STORED DATA:
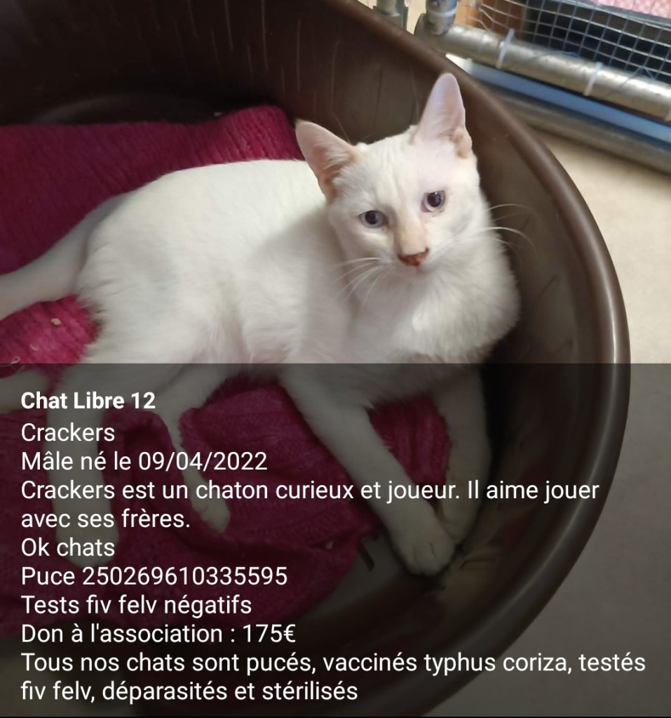 Crackers (adopté) Publié parchatlibre121 août 20225 mars 2023Publié dansNos adoptés Don ramené à 125 €
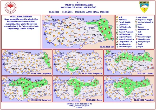 Meteoroloji Genel Müdürlüğü'nden yapılan uyarıda ''Hava sıcaklıklarının, Karadeniz kıyı kesimlerinde mevsim normalleri civarında, diğer yerlerde mevsim normallerinin 4 ila 7 derece üzerinde seyredeceği tahmin ediliyor'' denildi.
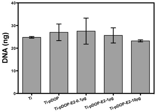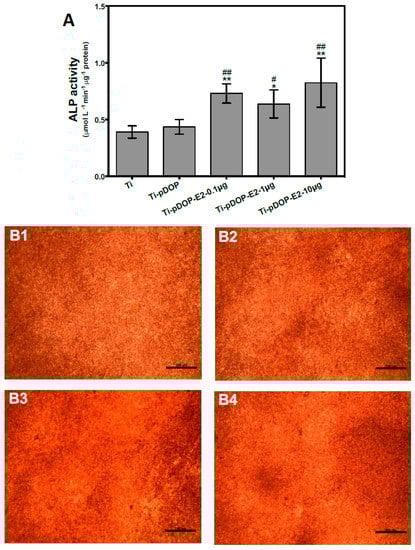 Various concentrations of E2 loading solutions (10 μg/50 μL, 1 μg/50 μL, 0.1 μg/50 μL in absolute ethanol) were prepared and 50 µL of each concentration was carefully transferred onto the surface of Ti-pDOP substrates. They were then gently rinsed three times with water to wash away unbound E2 after 24 h. The prepared substrates were denoted as Ti-pDOP-E2-10 µg, Ti-pDOP-E2-1 µg, and Ti-pDOP-E2-0.1 µg, respectively.
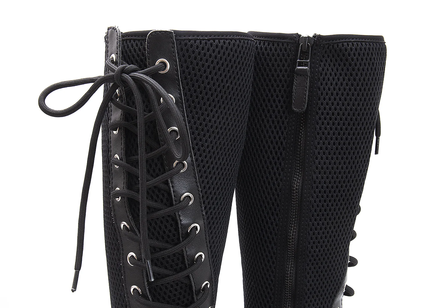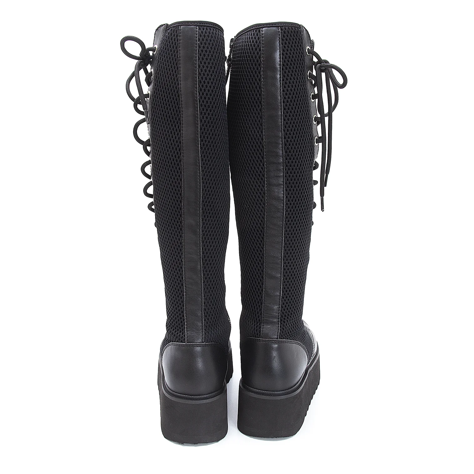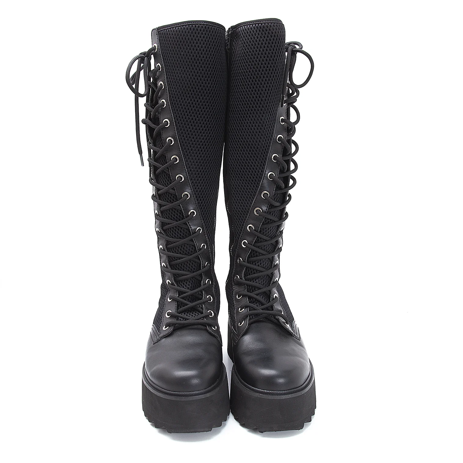 リミフゥLIMI feu メッシュ切替サイドジップレースアップロングブーツ 黒25位
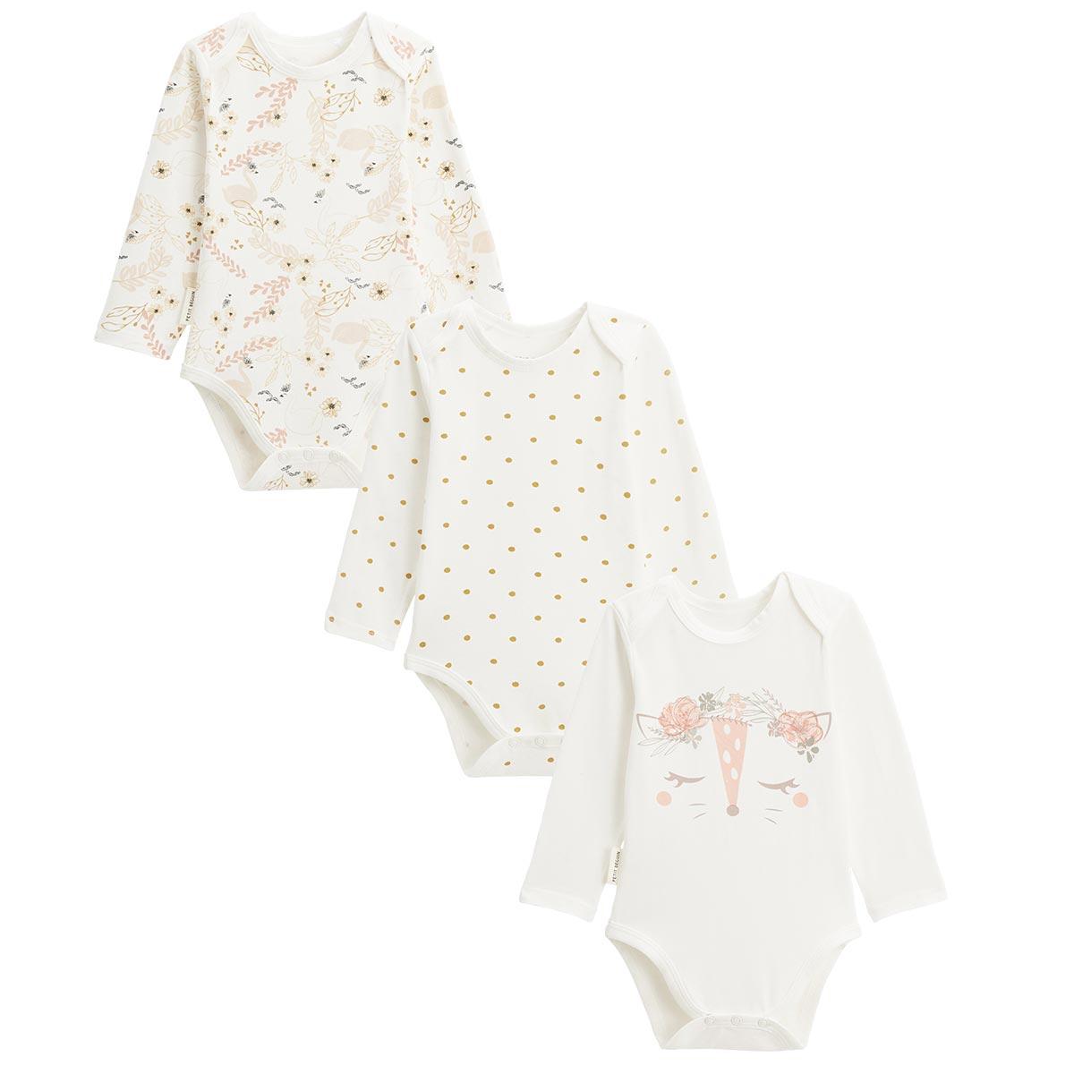 Un lot plein de charme : un body écru avec un visage de chat dessiné, un avec un imprimé délicat et un décoré de petits pois dorés. Tout doux, pratiques et faciles à assortir, ces bodies sont parfaits pour habiller bébé avec fantaisie et confort.Produit labellisé STANDARD 100 by OEKO-TEX ® (2309200

TASK TO COMPLETE:
Copy the material shown above in full and exactly. Skip the pictures.

RESULT:
 Crackers (adopté) Publié parchatlibre121 août 20225 mars 2023Publié dansNos adoptés Don ramené à 125 €
 Meteoroloji Genel Müdürlüğü'nden yapılan uyarıda ''Hava sıcaklıklarının, Karadeniz kıyı kesimlerinde mevsim normalleri civarında, diğer yerlerde mevsim normallerinin 4 ila 7 derece üzerinde seyredeceği tahmin ediliyor'' denildi.
 Various concentrations of E2 loading solutions (10 μg/50 μL, 1 μg/50 μL, 0.1 μg/50 μL in absolute ethanol) were prepared and 50 µL of each concentration was carefully transferred onto the surface of Ti-pDOP substrates. They were then gently rinsed three times with water to wash away unbound E2 after 24 h. The prepared substrates were denoted as Ti-pDOP-E2-10 µg, Ti-pDOP-E2-1 µg, and Ti-pDOP-E2-0.1 µg, respectively.
 リミフゥLIMI feu メッシュ切替サイドジップレースアップロングブーツ 黒25位
 Un lot plein de charme : un body écru avec un visage de chat dessiné, un avec un imprimé délicat et un décoré de petits pois dorés. Tout doux, pratiques et faciles à assortir, ces bodies sont parfaits pour habiller bébé avec fantaisie et confort.Produit labellisé STANDARD 100 by OEKO-TEX ® (2309200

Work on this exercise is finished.